Demand for higher-quality 4- and 5-Star space is running about double the absorption rate for 3-Star, or Class B, properties as tenants seek to squeeze workers into smaller but more modern and efficient buildings.
While demand has slowed in most office markets over the last 12 months, one notable exception has been Washington, DC, which has logged a surprising 6 million square feet of net absorption over the last 12 months, six times its five-year average. However, new supply continues to accelerate in the nation’s capital with 11 million square feet under construction as of the first quarter.
Responding in part to the surge in demand and rents in 2015, office construction is expected to peak this year. In total, CoStar forecasts between 90 million and 100 million square feet of completions in 2017 in the U.S., up 50% over last year in what will likely be the peak for new office supply of the current market cycle.
New office development has begun to trend downward, traditionally signaling the approach of the peak of the country’s office construction cycle.
For now, supply continues to ramp up at well above historical levels in certain tech-driven markets, such as San Jose, San Francisco and Seattle, as well as Austin, Dallas-Fort Worth and especially in New York City, where a total of 22 million square feet is under way, a level more than double the long-term norm. The total includes the massive Hudson Yards project with over 6 million square feet of in-process construction, plus three other buildings of more than 1 million square feet.

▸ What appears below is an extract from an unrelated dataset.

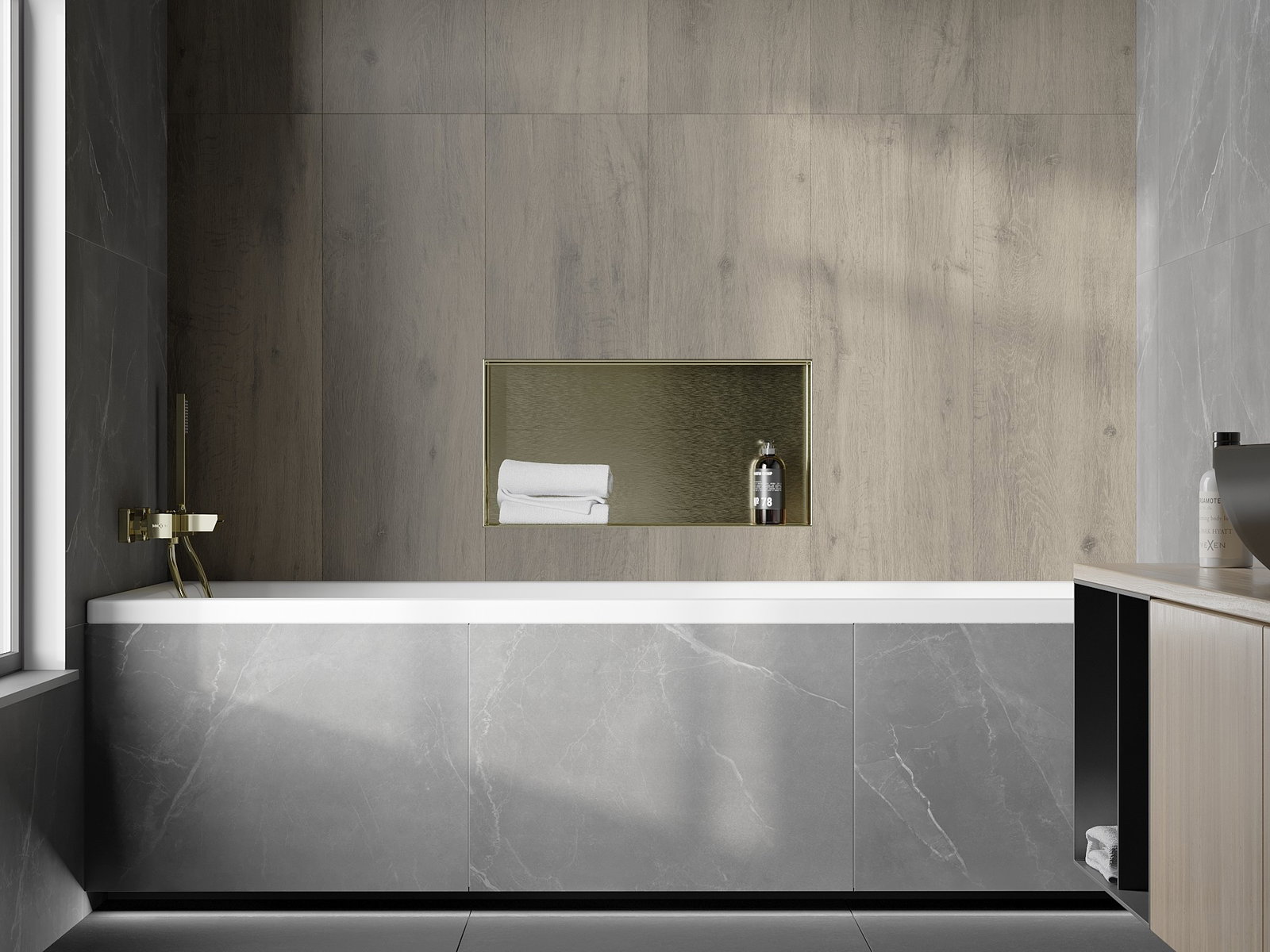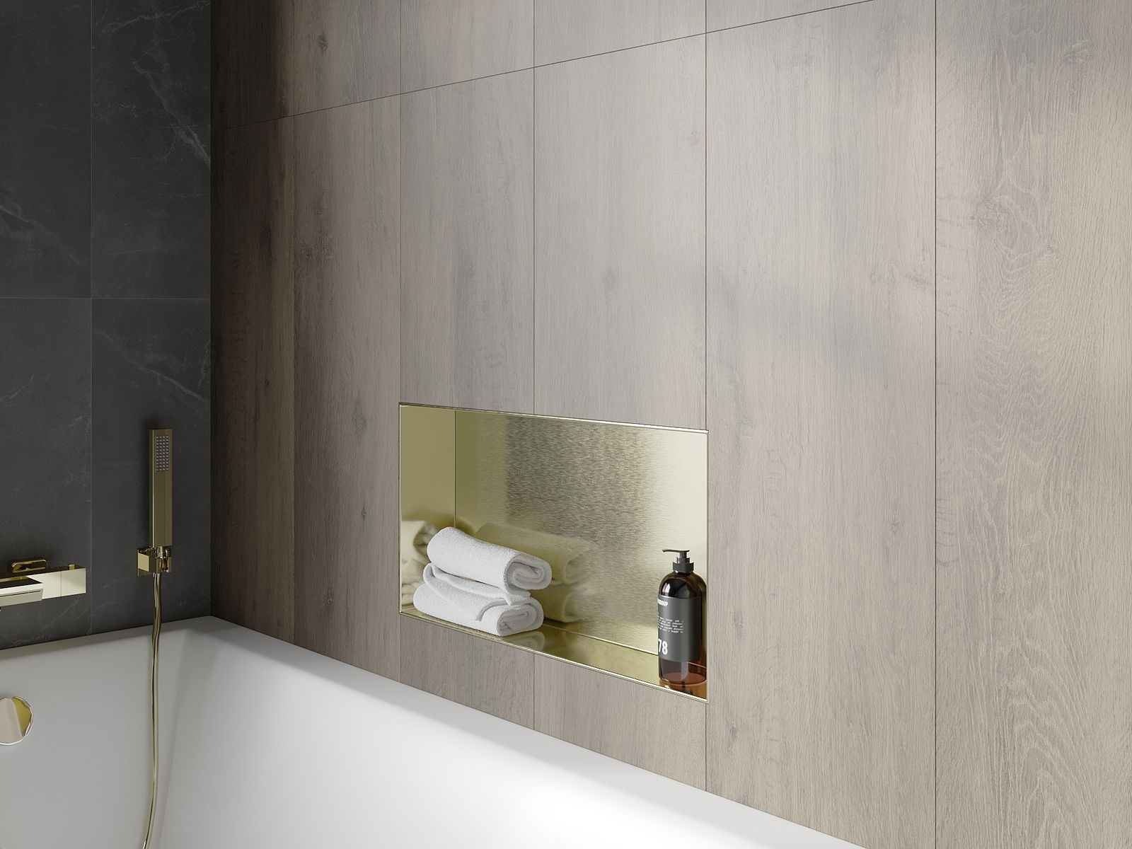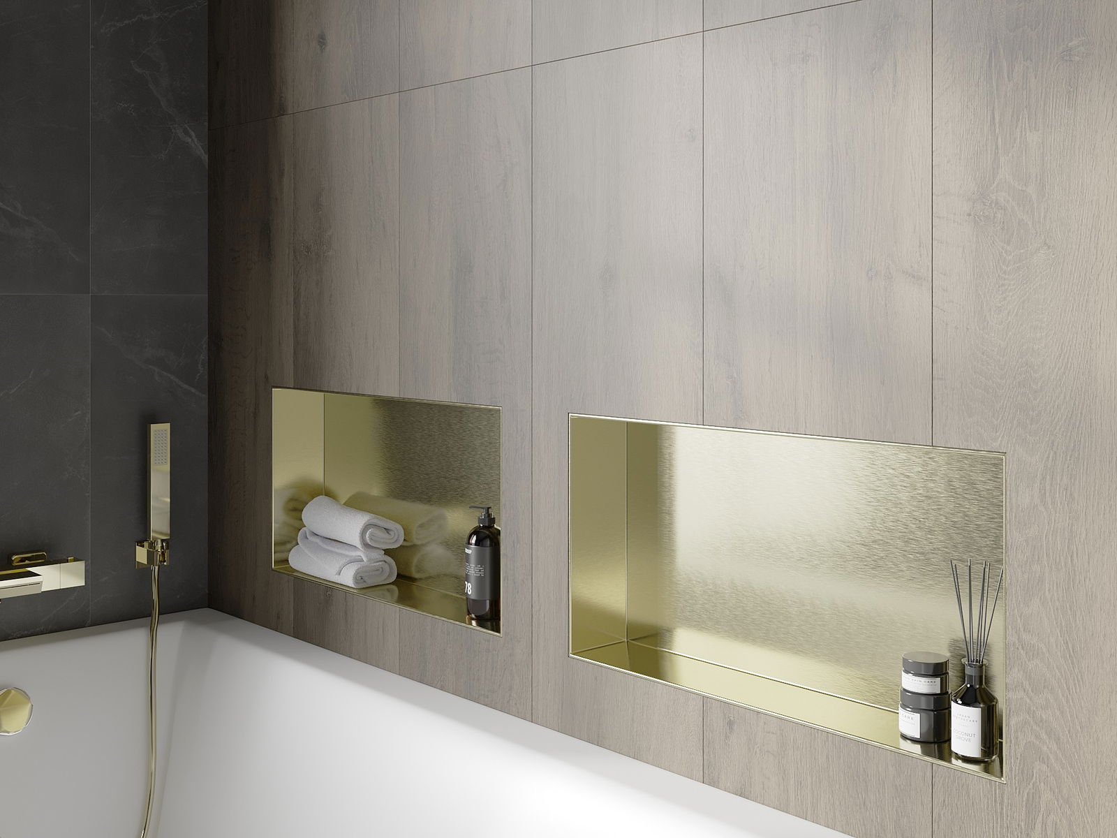 Méiglechkeet fir an der Mauer oder an enger speziell vorbereiten Déposée ze montéieren. Et ass eng extrem modern an funktionell Léisung, déi Plaz spuere léisst an de Produit un d'Esthetik vun den Interieur upassen an eng zesummegepasst Kompositioun schafen.

SL Green Realty Corp.’s 1.7 million-square-foot, 58-story One Vanderbilt Avenue across from Grand Central Station begins vertical construction early next month.
Although construction is roughly at pre-recession levels in the largest metros, secondary markets are generally peaking at much lower numbers, a sign of developer restraint during a phase of the real estate cycle bolstered by continuing office-using employment growth, solid corporate profits and slowed but not declining growth in property market conditions.